» Try it
Copy out each line featuring the string "para" from the entries beneath.

» Records
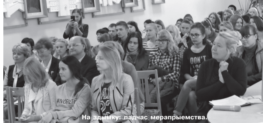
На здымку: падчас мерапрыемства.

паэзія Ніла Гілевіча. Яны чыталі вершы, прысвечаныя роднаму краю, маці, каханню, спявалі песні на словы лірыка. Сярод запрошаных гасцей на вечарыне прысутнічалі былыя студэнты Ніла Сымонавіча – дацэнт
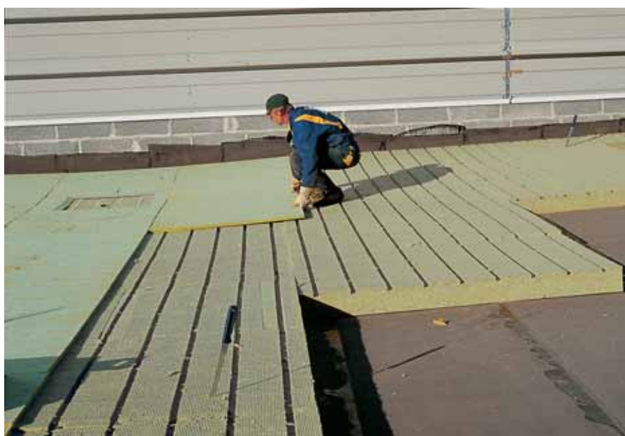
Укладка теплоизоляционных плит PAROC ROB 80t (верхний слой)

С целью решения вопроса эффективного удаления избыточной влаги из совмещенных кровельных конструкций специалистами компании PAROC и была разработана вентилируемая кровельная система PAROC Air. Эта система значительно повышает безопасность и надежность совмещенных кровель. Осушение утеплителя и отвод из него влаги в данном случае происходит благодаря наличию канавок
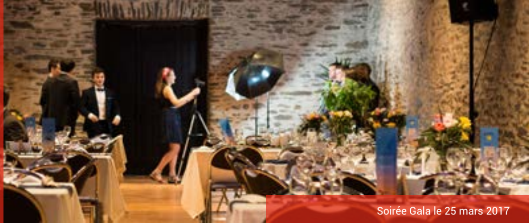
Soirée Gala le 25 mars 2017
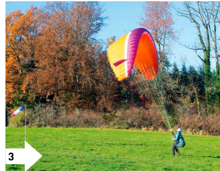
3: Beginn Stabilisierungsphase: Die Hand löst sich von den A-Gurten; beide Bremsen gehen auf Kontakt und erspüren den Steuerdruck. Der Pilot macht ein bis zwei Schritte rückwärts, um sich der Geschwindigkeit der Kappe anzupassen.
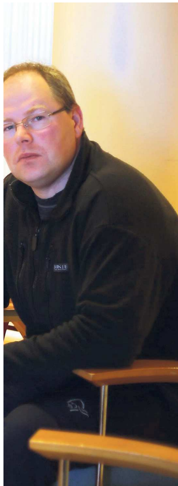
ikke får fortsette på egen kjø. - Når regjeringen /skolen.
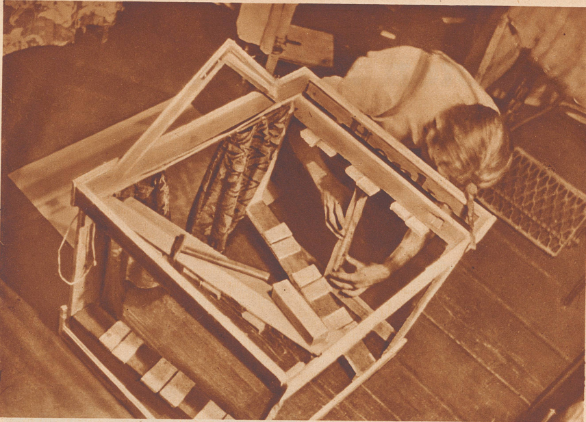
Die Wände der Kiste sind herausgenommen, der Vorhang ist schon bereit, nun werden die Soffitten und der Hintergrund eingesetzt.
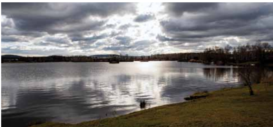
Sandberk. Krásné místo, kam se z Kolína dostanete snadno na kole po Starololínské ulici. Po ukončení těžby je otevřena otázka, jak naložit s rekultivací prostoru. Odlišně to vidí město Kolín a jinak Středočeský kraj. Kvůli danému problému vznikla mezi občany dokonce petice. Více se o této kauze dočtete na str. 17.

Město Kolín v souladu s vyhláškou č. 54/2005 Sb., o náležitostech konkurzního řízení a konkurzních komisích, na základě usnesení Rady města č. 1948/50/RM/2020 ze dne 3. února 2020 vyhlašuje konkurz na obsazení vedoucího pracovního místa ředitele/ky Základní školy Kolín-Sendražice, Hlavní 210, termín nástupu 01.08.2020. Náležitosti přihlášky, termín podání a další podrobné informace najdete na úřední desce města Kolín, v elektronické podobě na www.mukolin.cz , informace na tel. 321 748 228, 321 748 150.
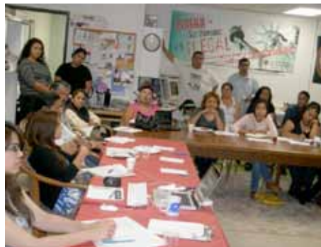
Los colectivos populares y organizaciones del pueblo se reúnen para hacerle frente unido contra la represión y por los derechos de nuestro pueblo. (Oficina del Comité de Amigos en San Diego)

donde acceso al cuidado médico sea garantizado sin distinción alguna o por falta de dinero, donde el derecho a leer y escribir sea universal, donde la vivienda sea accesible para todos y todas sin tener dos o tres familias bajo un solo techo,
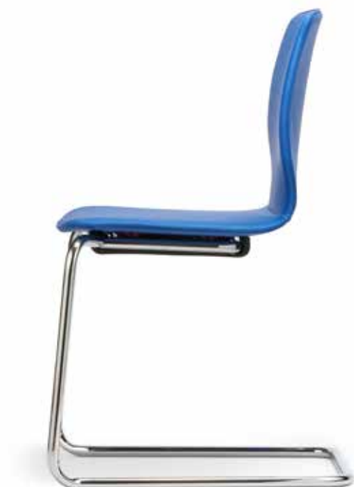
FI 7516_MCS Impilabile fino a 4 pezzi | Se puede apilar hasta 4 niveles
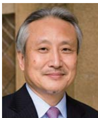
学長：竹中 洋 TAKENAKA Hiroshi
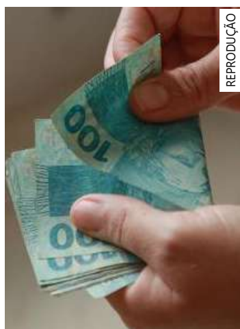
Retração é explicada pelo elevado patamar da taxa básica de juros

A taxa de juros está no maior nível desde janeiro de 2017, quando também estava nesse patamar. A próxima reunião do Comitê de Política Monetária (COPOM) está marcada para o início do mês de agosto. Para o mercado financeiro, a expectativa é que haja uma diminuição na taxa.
==
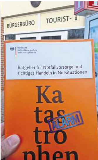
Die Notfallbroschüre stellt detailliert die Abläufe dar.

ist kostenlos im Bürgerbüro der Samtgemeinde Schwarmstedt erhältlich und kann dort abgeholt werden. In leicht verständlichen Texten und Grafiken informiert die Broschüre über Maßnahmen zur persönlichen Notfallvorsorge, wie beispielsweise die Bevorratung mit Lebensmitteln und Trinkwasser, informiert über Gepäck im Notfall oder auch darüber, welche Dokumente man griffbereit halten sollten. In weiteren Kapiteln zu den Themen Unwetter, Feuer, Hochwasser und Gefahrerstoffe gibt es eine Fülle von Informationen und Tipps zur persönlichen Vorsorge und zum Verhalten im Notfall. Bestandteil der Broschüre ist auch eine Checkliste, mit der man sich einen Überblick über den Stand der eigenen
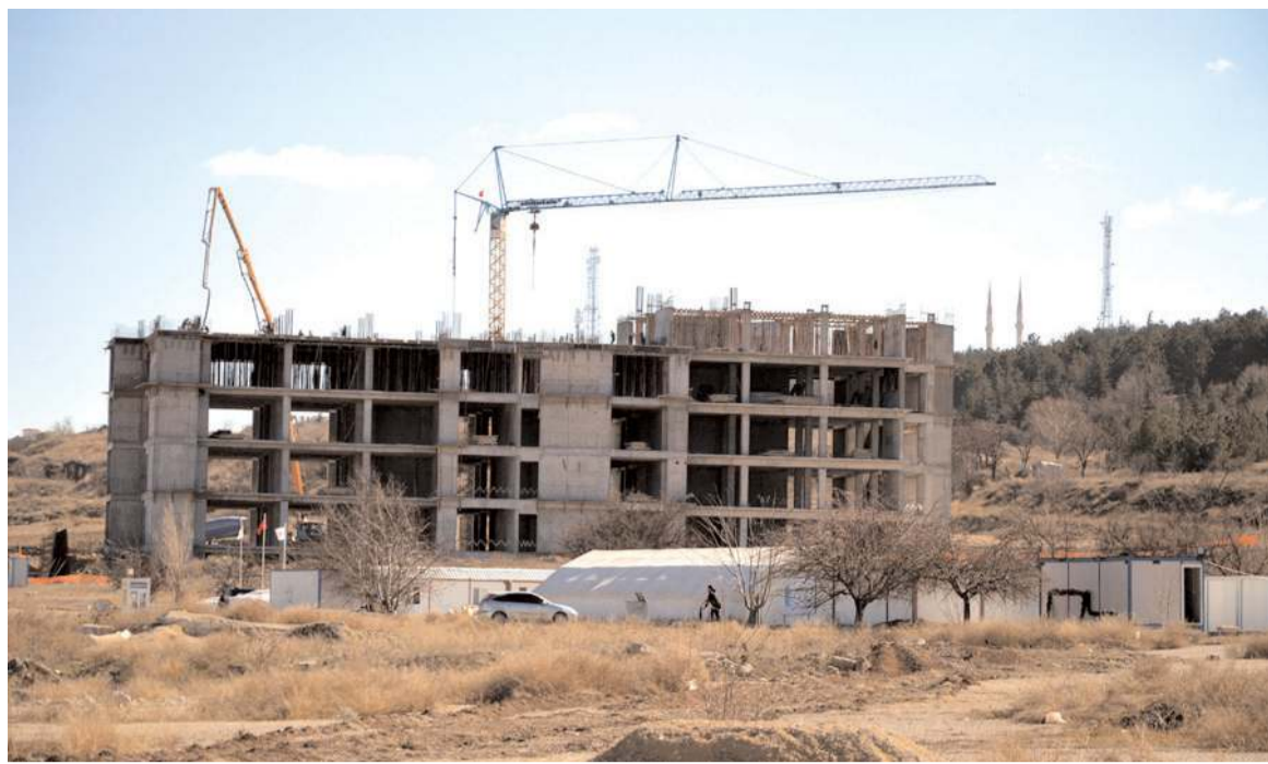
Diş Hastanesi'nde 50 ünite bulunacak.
...
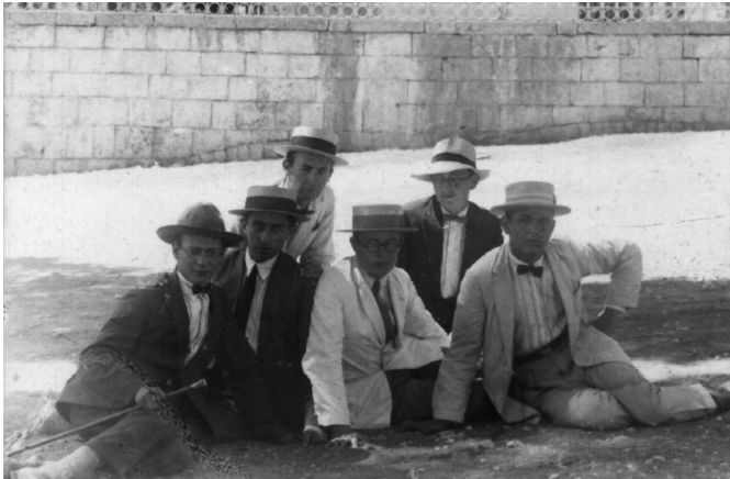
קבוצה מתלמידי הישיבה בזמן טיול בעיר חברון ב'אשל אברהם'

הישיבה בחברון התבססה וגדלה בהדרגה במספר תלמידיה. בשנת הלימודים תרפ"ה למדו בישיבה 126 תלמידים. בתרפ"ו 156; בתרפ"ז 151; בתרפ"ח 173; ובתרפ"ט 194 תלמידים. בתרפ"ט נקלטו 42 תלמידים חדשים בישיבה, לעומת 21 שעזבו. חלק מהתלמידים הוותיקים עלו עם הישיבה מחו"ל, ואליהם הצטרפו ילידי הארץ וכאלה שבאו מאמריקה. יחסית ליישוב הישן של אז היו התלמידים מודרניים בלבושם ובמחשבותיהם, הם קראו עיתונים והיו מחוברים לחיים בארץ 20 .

» Answer space
Los colectivos populares y organizaciones del pueblo se reúnen para hacerle frente unido contra la represión y por los derechos de nuestro pueblo. (Oficina del Comité de Amigos en San Diego)
donde acceso al cuidado médico sea garantizado sin distinción alguna o por falta de dinero, donde el derecho a leer y escribir sea universal, donde la vivienda sea accesible para todos y todas sin tener dos o tres familias bajo un solo techo,
A taxa de juros está no maior nível desde janeiro de 2017, quando também estava nesse patamar. A próxima reunião do Comitê de Política Monetária (COPOM) está marcada para o início do mês de agosto. Para o mercado financeiro, a expectativa é que haja uma diminuição na taxa.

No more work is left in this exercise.